How to Intermediate · 3 min read

How to run vLLM on multiple GPUs

Q: How to run vLLM on multiple GPUs

Run vLLM on multiple GPUs by launching the vllm serve CLI with the --num-gpus flag or by configuring the num_gpus parameter in Python. This enables distributed inference across GPUs for faster throughput and lower latency.

Quick answer

Run vLLM on multiple GPUs by launching the vllm serve CLI with the --num-gpus flag or by configuring the num_gpus parameter in Python.
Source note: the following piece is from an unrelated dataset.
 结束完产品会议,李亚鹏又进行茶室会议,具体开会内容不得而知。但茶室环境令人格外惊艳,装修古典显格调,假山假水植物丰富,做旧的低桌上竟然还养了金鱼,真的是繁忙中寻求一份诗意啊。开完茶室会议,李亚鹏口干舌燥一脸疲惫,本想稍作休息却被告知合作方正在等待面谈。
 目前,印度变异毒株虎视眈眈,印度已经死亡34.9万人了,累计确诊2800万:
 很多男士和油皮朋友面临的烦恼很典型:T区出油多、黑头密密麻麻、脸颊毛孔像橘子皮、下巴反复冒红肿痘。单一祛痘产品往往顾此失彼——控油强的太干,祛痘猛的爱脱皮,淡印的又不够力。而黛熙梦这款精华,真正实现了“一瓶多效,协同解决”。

This enables distributed inference across GPUs for faster throughput and lower latency.

PREREQUISITES

Python 3.8+
vLLM installed via pip (pip install vllm)
CUDA-enabled GPUs with proper drivers
NVIDIA NCCL installed for multi-GPU communication

Setup

Install vLLM via pip and ensure your system has CUDA-enabled GPUs with the correct drivers and NVIDIA NCCL installed for multi-GPU communication.
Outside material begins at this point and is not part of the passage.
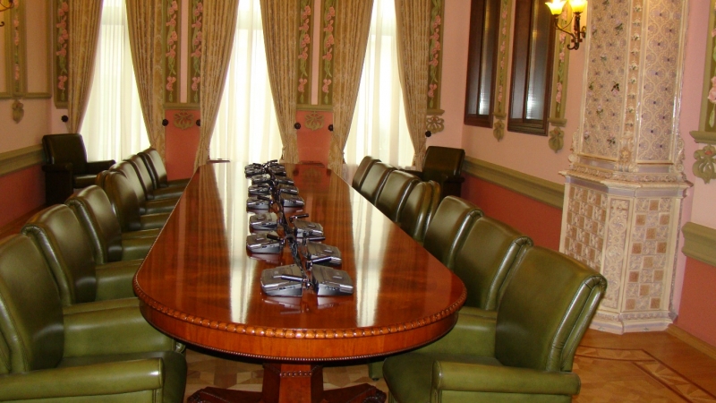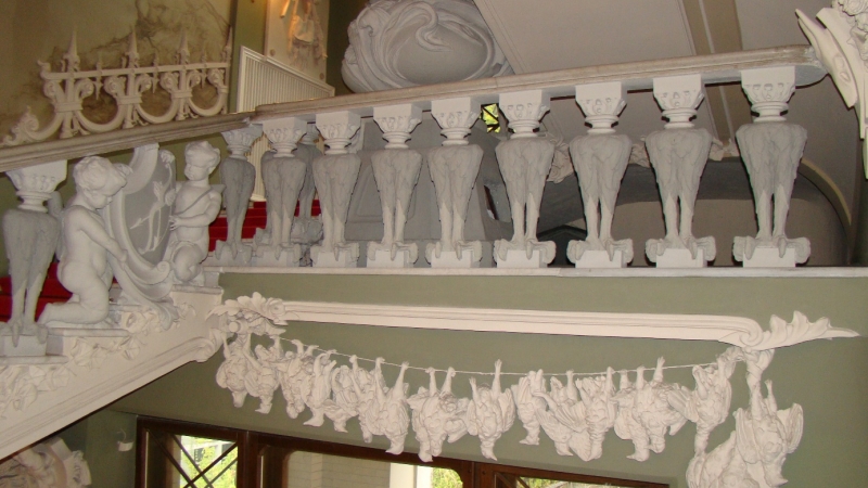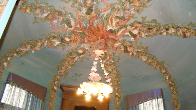 Внутрішнє оздоблення ні в чому не поступається екстер’єру. Інтер’єр ґрунтується на чудернацьких художніх розписах, ліпнинах та різьблених прикрасах. Захоплюють погляд туристів мисливські ліпні мініатюри, які розташувались вздовж сходів. На стінах повсюдно можна побачити фризи з екзотичних рослин, квітів і фруктів (найчастіше трапляються ананаси), поміж яких зображено велетенські, могутні черепи оленів і лосів. Дуже часто трапляються справжні мисливські атрибути: велетенські роги, страшенні черепи й різноманітні опудала. Одразу біля входу відвідувачів лякає спрут. А в самому центрі залу знаходиться світильник-торшер. Його зроблено у вигляді двох величезних риб, які підняли свої хвости догори. Вони сповиті морськими та океанічними водоростями, а також квітами лотоса. На стінах висять чудові плафони, прикрашені фруктами: виноградом, ананасами, а також різнобарвними квітами та водоростями. Розетки для плафонів зроблені у формі морських зірок.

Run this command to install vLLM:

bash

pip install vllm

Step by step

Use the vllm serve CLI with the --num-gpus option to run inference on multiple GPUs. Alternatively, use the Python API with the num_gpus parameter.

Example CLI command:

bash

vllm serve meta-llama/Llama-3.1-8B-Instruct --port 8000 --num-gpus 2

output

Starting vLLM server on port 8000 using 2 GPUs...

Step by step

Python example to run vLLM on multiple GPUs for batch inference:

python

from vllm import LLM, SamplingParams

# Initialize LLM
llm = LLM(model="meta-llama/Llama-3.1-8B-Instruct")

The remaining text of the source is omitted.